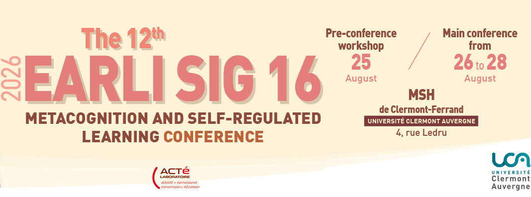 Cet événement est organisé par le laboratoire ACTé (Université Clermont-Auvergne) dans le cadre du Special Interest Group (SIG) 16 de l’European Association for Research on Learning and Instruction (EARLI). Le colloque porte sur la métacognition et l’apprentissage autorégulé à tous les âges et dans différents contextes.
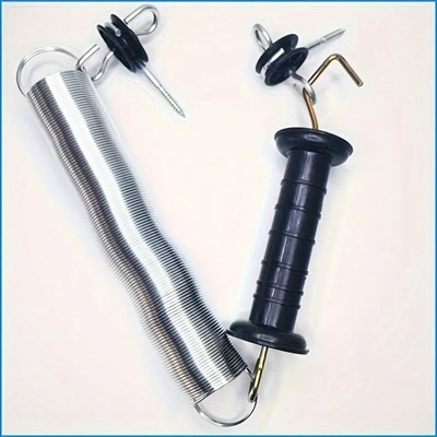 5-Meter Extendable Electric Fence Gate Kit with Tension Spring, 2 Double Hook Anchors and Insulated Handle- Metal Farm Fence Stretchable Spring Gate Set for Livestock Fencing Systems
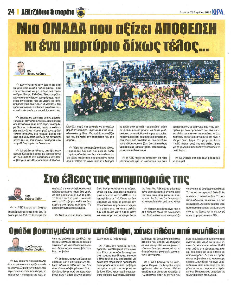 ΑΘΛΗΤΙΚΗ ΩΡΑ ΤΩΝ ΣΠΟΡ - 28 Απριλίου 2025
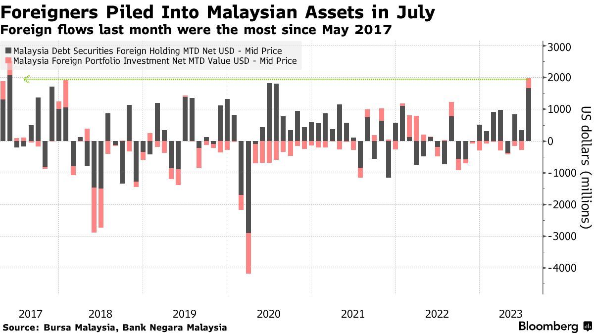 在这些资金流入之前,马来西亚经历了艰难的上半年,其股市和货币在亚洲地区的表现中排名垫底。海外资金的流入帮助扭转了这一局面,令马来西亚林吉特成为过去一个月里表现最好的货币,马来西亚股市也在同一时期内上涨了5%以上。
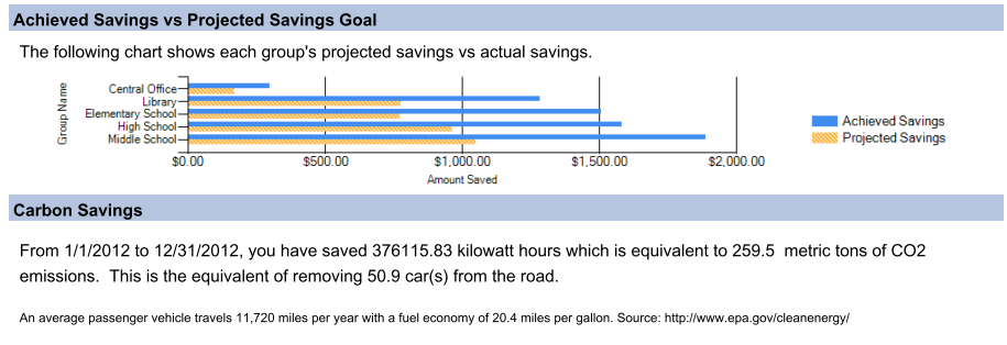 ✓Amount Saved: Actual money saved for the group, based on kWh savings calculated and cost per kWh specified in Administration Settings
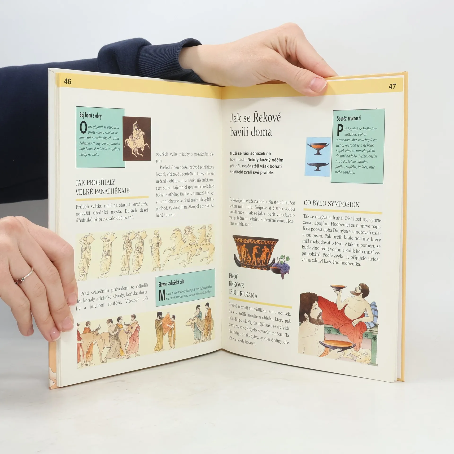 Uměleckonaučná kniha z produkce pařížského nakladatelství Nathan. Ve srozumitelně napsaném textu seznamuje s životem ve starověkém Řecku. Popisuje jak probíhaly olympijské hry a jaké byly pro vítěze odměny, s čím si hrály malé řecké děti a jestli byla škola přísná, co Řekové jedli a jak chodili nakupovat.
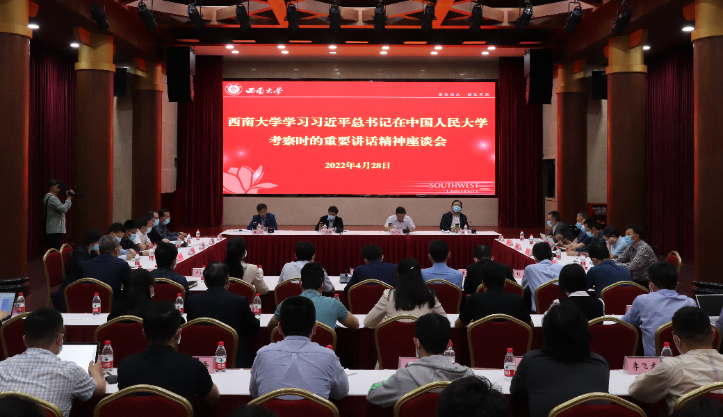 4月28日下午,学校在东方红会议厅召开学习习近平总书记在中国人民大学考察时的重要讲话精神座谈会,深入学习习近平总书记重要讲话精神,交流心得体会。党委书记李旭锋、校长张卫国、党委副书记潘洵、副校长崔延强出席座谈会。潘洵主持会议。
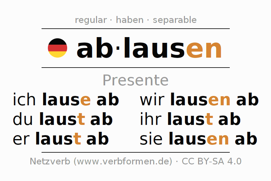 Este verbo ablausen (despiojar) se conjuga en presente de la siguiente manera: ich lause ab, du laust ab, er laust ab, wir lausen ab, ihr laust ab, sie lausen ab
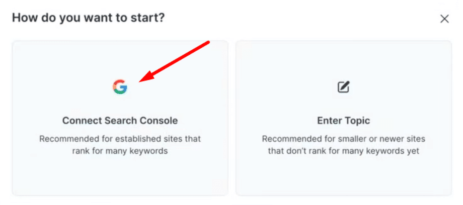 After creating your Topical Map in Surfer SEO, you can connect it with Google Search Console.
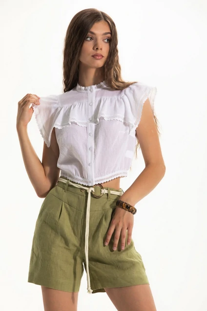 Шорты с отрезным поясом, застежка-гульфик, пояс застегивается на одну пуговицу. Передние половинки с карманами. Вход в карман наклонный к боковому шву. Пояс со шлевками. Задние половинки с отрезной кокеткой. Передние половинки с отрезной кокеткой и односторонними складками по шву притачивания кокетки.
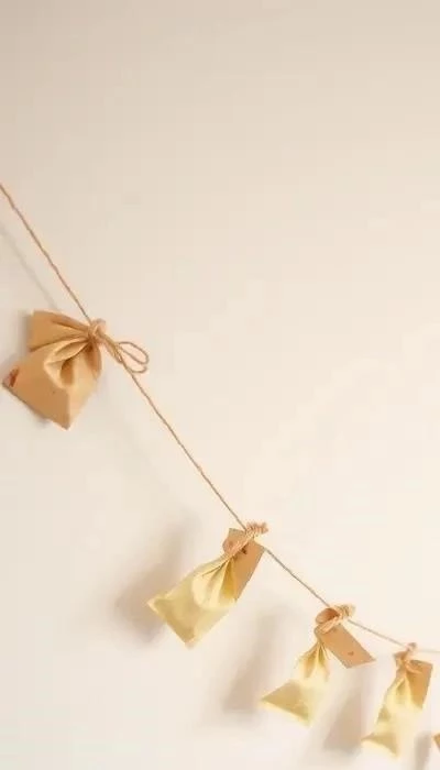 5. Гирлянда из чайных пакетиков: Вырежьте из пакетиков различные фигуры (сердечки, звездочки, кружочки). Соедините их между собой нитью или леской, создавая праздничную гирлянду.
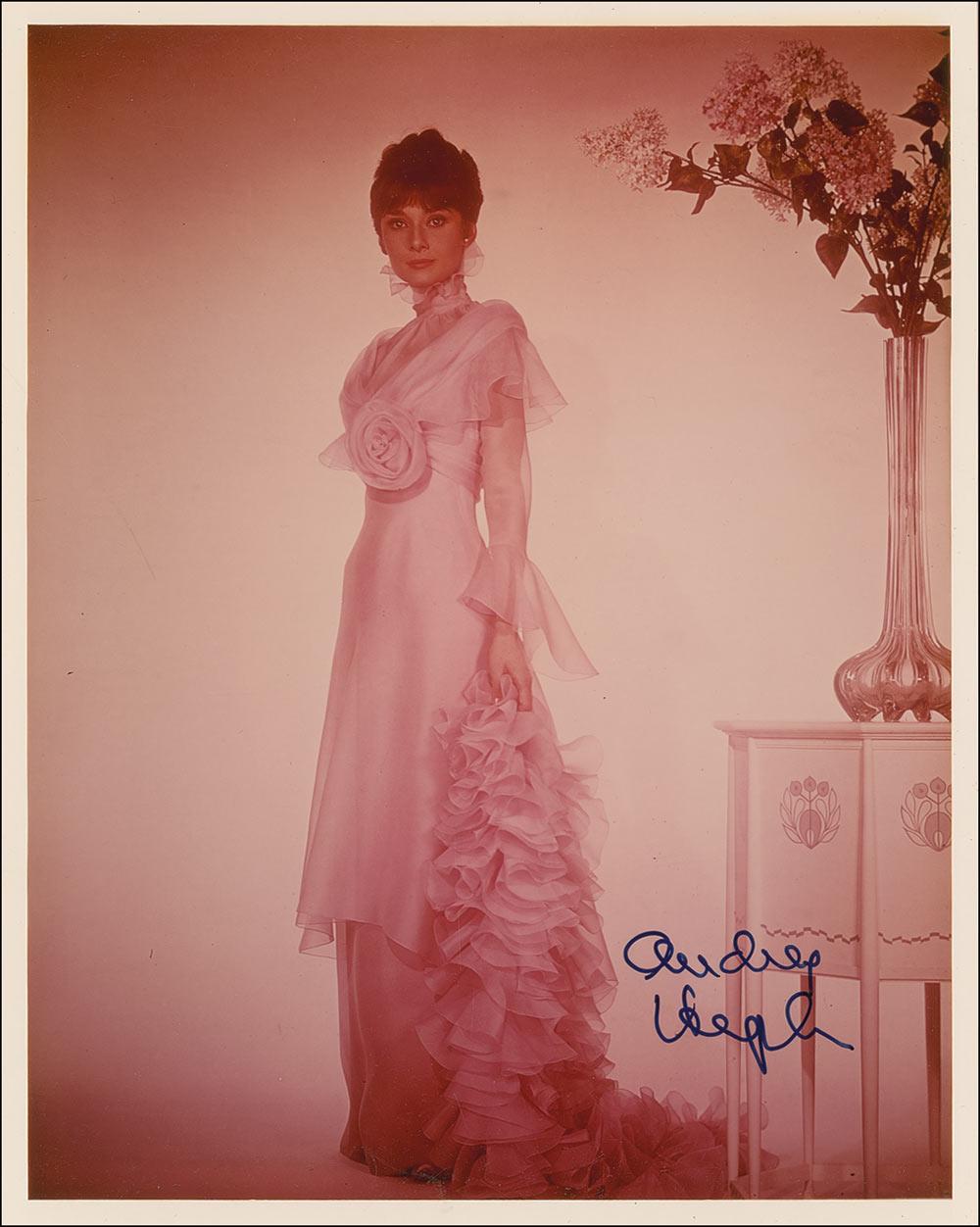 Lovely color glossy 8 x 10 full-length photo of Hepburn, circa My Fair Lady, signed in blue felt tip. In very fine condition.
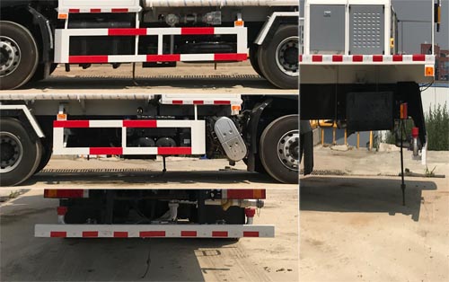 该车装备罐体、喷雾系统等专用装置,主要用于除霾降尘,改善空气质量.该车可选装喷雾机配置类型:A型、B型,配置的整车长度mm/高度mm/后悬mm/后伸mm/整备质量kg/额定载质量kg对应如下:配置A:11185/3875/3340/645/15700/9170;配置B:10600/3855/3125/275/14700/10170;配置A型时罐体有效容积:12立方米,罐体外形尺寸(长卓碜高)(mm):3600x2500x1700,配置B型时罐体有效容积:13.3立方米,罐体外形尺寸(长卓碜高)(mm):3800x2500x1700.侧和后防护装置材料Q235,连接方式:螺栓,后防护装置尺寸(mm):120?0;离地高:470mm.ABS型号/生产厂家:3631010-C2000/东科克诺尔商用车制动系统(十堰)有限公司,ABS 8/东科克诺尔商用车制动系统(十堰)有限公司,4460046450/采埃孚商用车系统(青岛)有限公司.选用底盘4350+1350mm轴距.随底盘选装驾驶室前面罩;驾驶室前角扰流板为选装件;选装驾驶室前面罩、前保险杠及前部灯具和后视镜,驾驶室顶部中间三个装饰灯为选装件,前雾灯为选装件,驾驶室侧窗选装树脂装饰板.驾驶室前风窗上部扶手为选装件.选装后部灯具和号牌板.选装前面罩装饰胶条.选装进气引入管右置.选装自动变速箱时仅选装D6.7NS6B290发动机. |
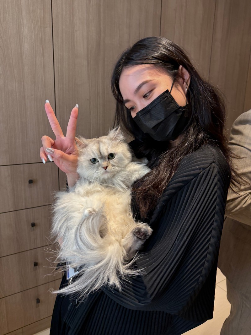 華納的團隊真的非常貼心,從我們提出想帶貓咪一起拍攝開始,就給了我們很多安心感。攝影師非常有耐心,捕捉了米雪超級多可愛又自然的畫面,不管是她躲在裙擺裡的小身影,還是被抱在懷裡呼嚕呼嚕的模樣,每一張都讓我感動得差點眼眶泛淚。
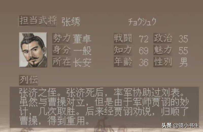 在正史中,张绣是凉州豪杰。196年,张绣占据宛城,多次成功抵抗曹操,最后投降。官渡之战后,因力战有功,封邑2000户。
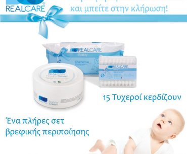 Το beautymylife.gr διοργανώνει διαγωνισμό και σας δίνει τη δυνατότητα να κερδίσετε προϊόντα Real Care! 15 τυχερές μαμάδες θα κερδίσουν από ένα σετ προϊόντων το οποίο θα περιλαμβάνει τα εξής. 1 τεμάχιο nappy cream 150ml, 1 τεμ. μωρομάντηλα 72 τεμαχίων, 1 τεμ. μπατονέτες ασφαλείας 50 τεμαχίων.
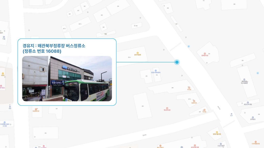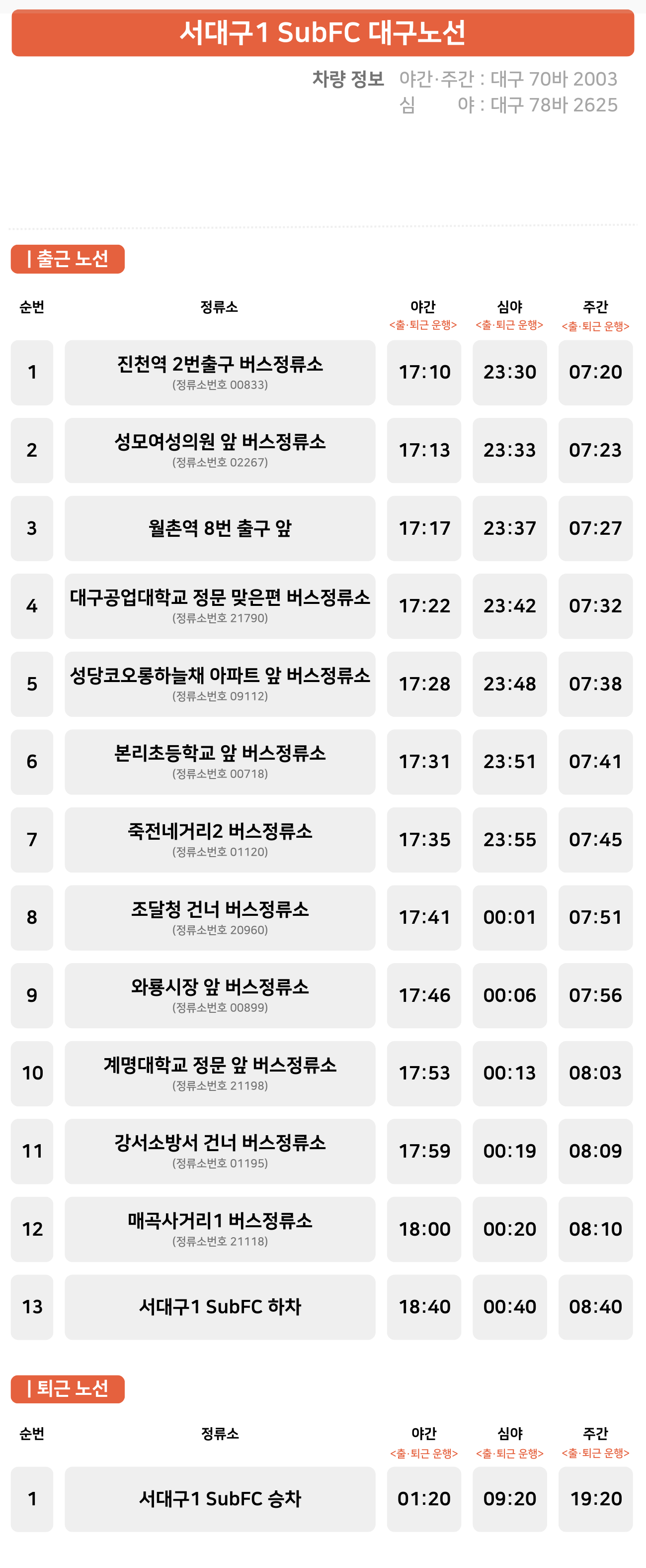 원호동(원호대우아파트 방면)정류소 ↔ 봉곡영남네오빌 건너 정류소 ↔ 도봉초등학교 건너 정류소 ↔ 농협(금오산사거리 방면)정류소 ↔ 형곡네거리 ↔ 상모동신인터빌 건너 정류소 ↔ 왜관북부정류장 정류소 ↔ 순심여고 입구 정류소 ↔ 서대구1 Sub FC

- - -

Each line above that falls between the line with "在这些资金流入之前,马来西亚" and the line with "4月28日下午,学校在东方红" should be printed exactly, together with those two lines, but the pictures should not.

 在这些资金流入之前,马来西亚经历了艰难的上半年,其股市和货币在亚洲地区的表现中排名垫底。海外资金的流入帮助扭转了这一局面,令马来西亚林吉特成为过去一个月里表现最好的货币,马来西亚股市也在同一时期内上涨了5%以上。
 ✓Amount Saved: Actual money saved for the group, based on kWh savings calculated and cost per kWh specified in Administration Settings
 Uměleckonaučná kniha z produkce pařížského nakladatelství Nathan. Ve srozumitelně napsaném textu seznamuje s životem ve starověkém Řecku. Popisuje jak probíhaly olympijské hry a jaké byly pro vítěze odměny, s čím si hrály malé řecké děti a jestli byla škola přísná, co Řekové jedli a jak chodili nakupovat.
 4月28日下午,学校在东方红会议厅召开学习习近平总书记在中国人民大学考察时的重要讲话精神座谈会,深入学习习近平总书记重要讲话精神,交流心得体会。党委书记李旭锋、校长张卫国、党委副书记潘洵、副校长崔延强出席座谈会。潘洵主持会议。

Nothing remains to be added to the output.